2. My sister DID know her origins. She also knew that my parents didn't talk about it with anyone else -- just with her, and IN HER MIND,not through their actions, she felt too intimidated to talk about it with anyone EXCEPT my parents. As you allude to, sometimes parents are not the person a teen needs for perspective.

3. I don't care about teaching moments for other people. I care ONLY about SHOWING to my child that such questions can be handled with decorum and pride. That's IT -- modeling for my child how not to "get out of" a situation, but to address a situation confidently.
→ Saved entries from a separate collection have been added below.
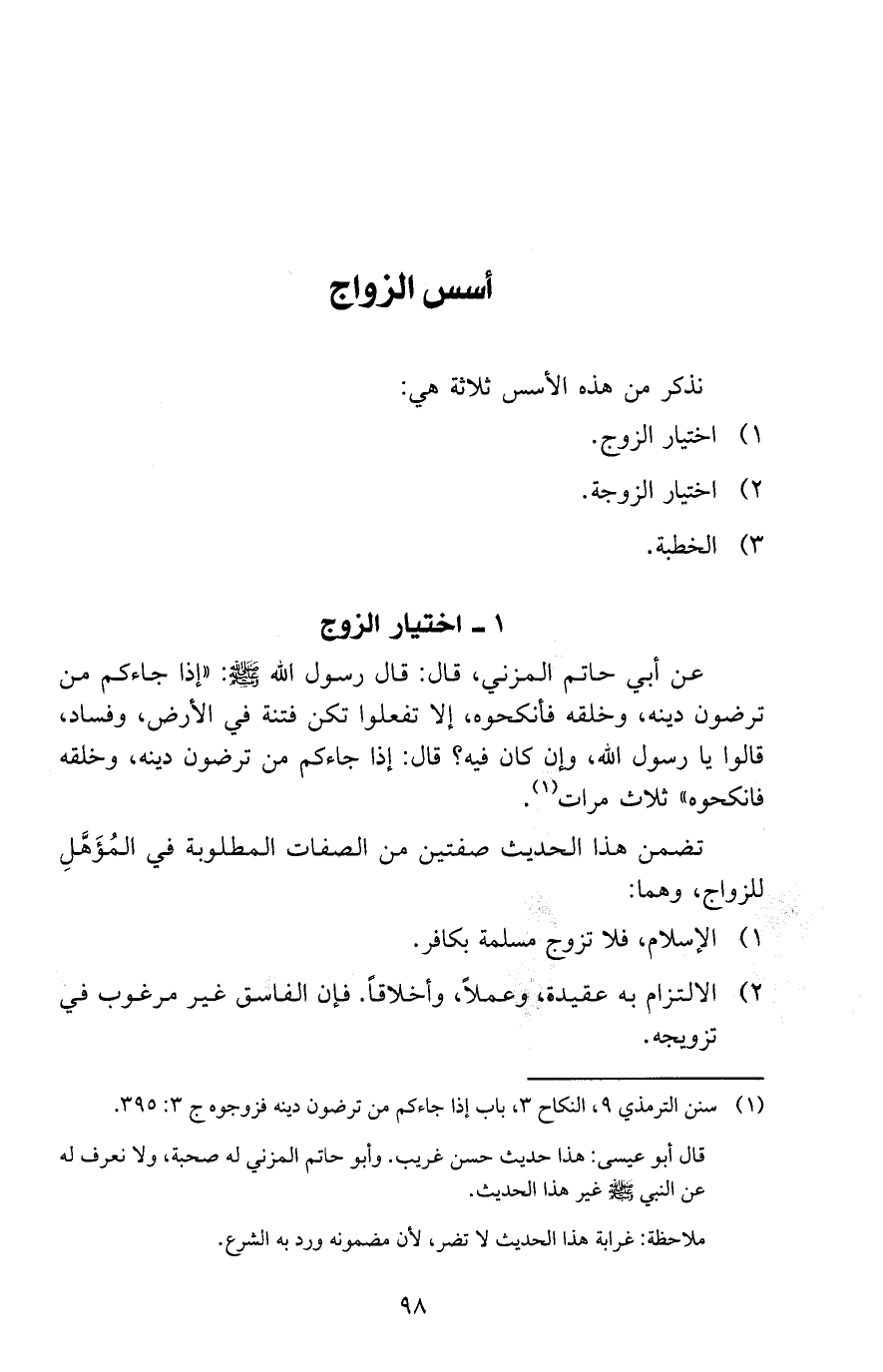 1 سنن الترمذي 9، النكاح 3، باب إذا جاءكم من ترضون دينه فزوجوه ج3: 395.
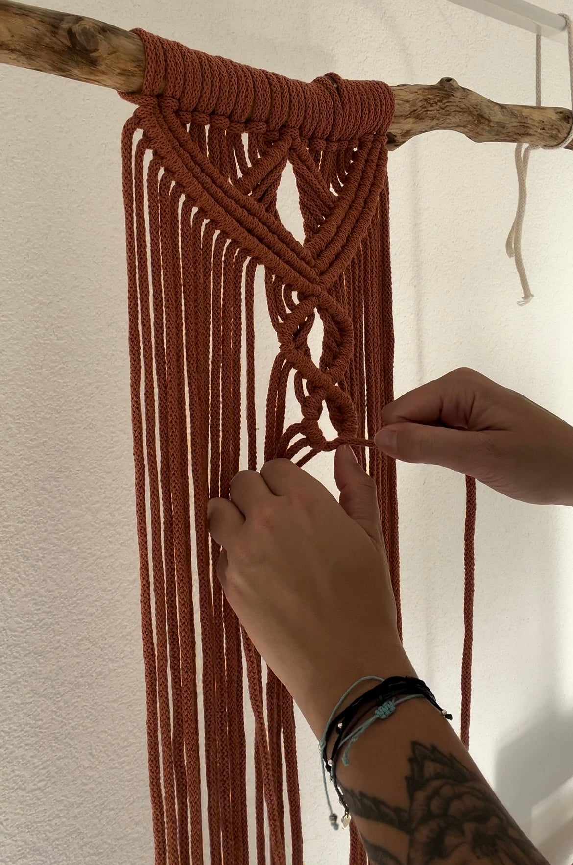 Tout a commencé sans le vouloir lorsque j’ai emménagé seule dans mon premier appartement en 2020 en pleine période de Covid. En cherchant des décorations qui me ressemblent et pas comme les autres, j’ai eu envie de créer un macramé. Ma maman, qui avait appris cet art dans son enfance, m’a alors transmis son savoir-faire et nos premières créations ont vu le jour!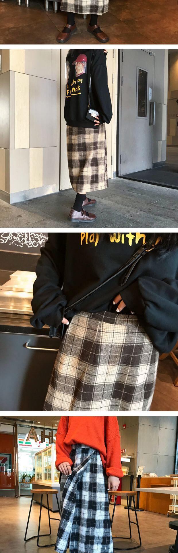 格子柄カラースカート スプリング秋物ハイウェストウェストトレンドスタンダードAライン レトロ 春物 オータム ウエスト ミドル丈 Studios90979753704 | pLegLad Studios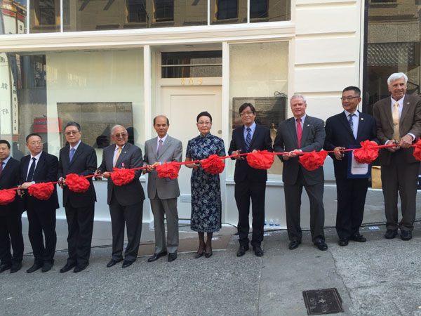 Florence Fang (center), curator of the WWII Pacific War Memorial Hall, and guests cut the ribbon at the opening ceremony of the memorial hall in San Francisco on Aug 15, 2015. LIA ZHU / CHINA DAILY
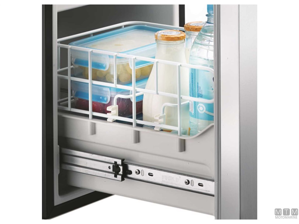 Frigoriferi Dometic CoolMatic CRD 12/24V a cassetto con unità refrigerante esterna (non remotizzabile) a giri variabili con risparmio energetico del 25%. Cella freezer amovibile. Il pannello comando touch permette di configurare solo frigo, solo freezer oppure frigo/freezer. Illuminazione a LED. Porta tipo Silver e cornici di finitura standard o per montaggio a filo disponibili come accessorio.

4. I never suggest "advertising" anything. In fact, I discussed at length how to guide the conversation AWAY from personal details -- but in a way that doesn't result in an obvious brick wall. Again, I've NEVER advocated "advertising", I've just advocated moving off of topics without being NAKEDLY OPPOSITIONAL (even in a kindly way), but to use generalities, politics, etc.

5. Strangers. While I made a few references to strangers, I'm mostly talking about acquaintances, people close enough that they feel comfortable asking, but we may not feel comfortable telling: (as I stated above) people at church, neighbors, co-workers, extended family and social friends.

6. "Why" people are asking: I gave the racist caveat. If someone is dismissive or demeaning (not just awkward), all bets are off.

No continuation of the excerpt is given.